PROBLEM DETAILS
Restate the data below word for word. Leave the images out.

COLLECTED MATERIAL
-------

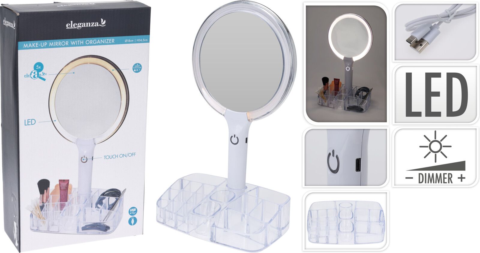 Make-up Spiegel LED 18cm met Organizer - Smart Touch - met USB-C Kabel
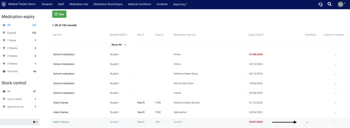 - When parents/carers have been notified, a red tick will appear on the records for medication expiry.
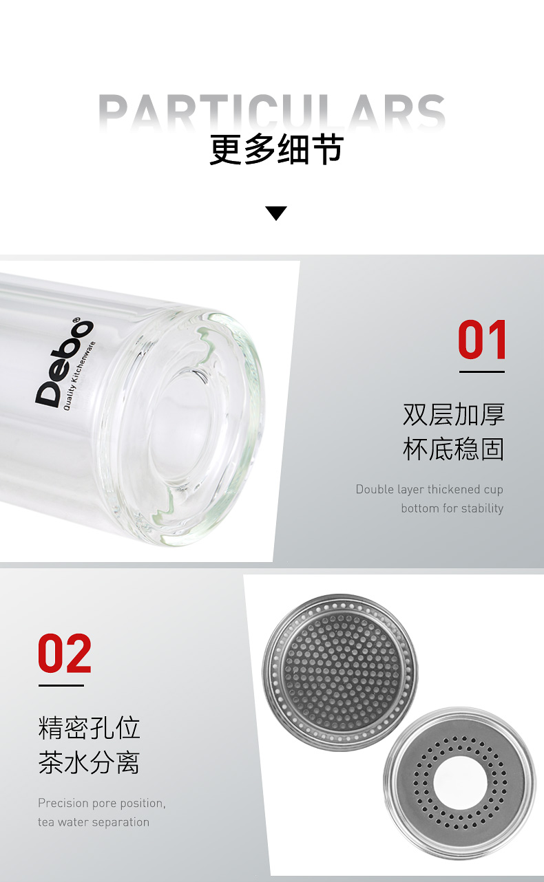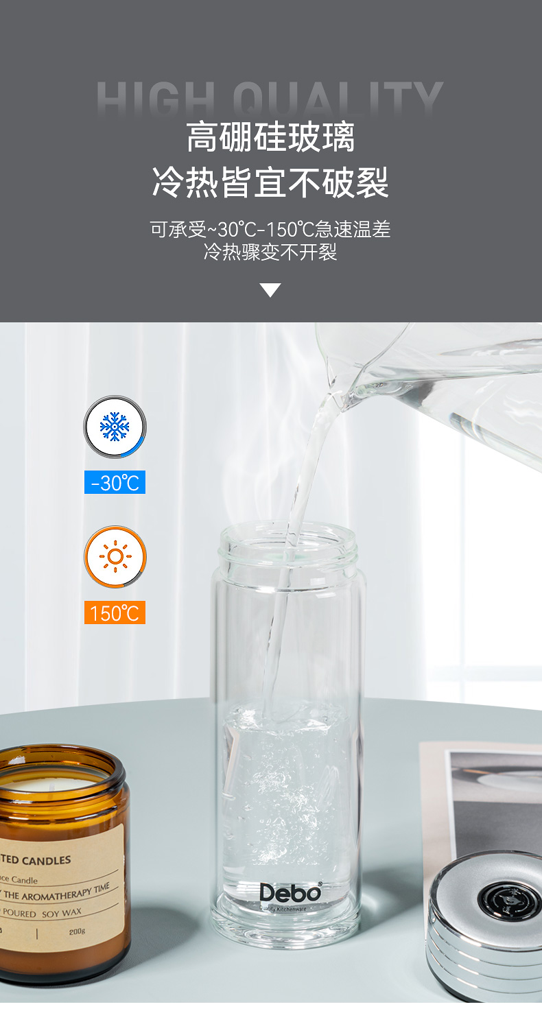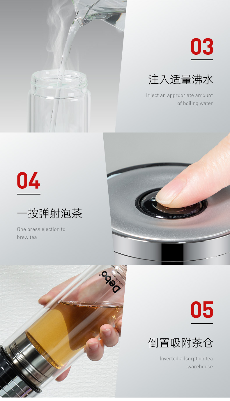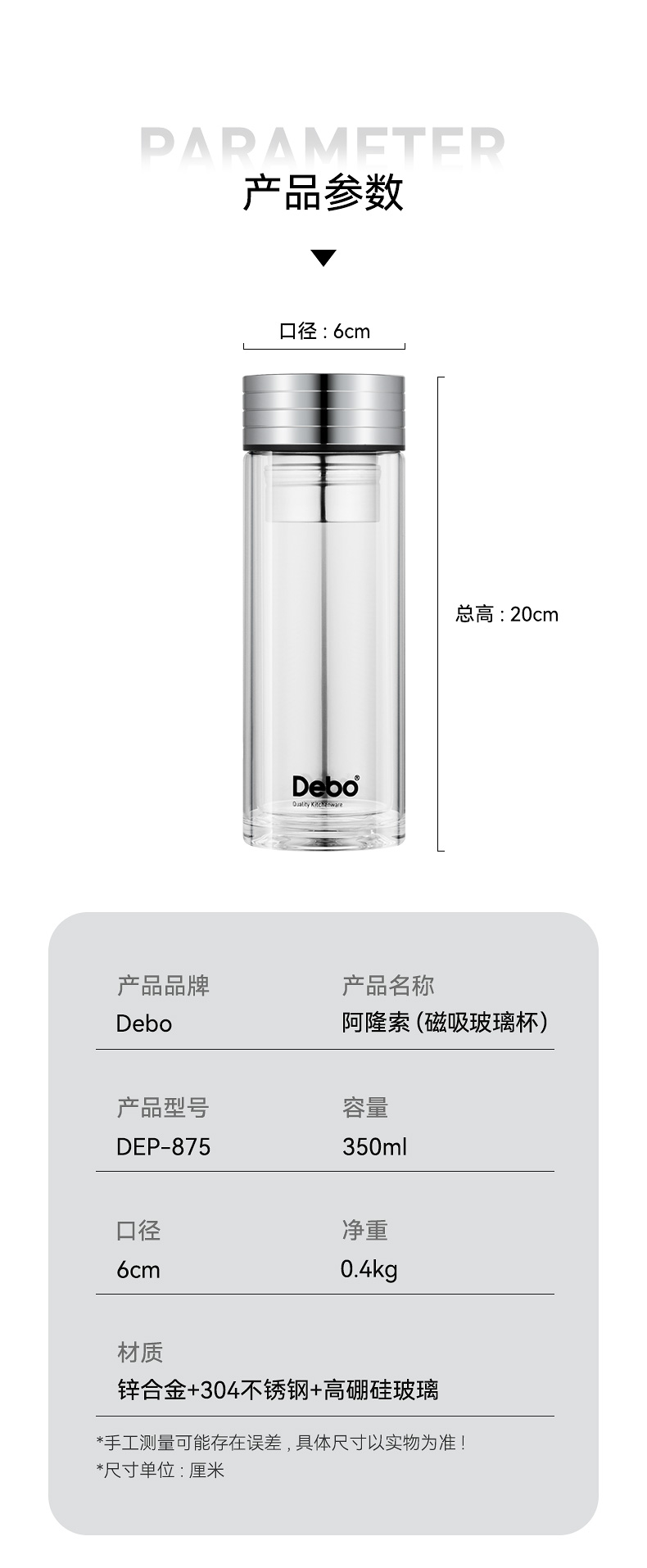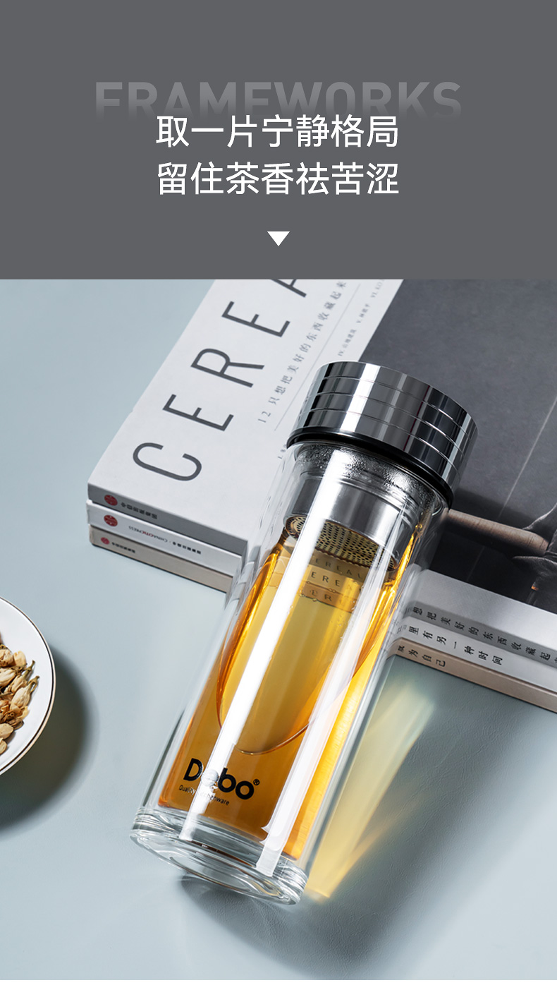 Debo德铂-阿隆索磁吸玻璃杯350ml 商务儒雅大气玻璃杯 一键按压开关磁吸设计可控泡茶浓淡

-------

SOLUTION FOR THIS TASK
 Make-up Spiegel LED 18cm met Organizer - Smart Touch - met USB-C Kabel
 - When parents/carers have been notified, a red tick will appear on the records for medication expiry.
 Debo德铂-阿隆索磁吸玻璃杯350ml 商务儒雅大气玻璃杯 一键按压开关磁吸设计可控泡茶浓淡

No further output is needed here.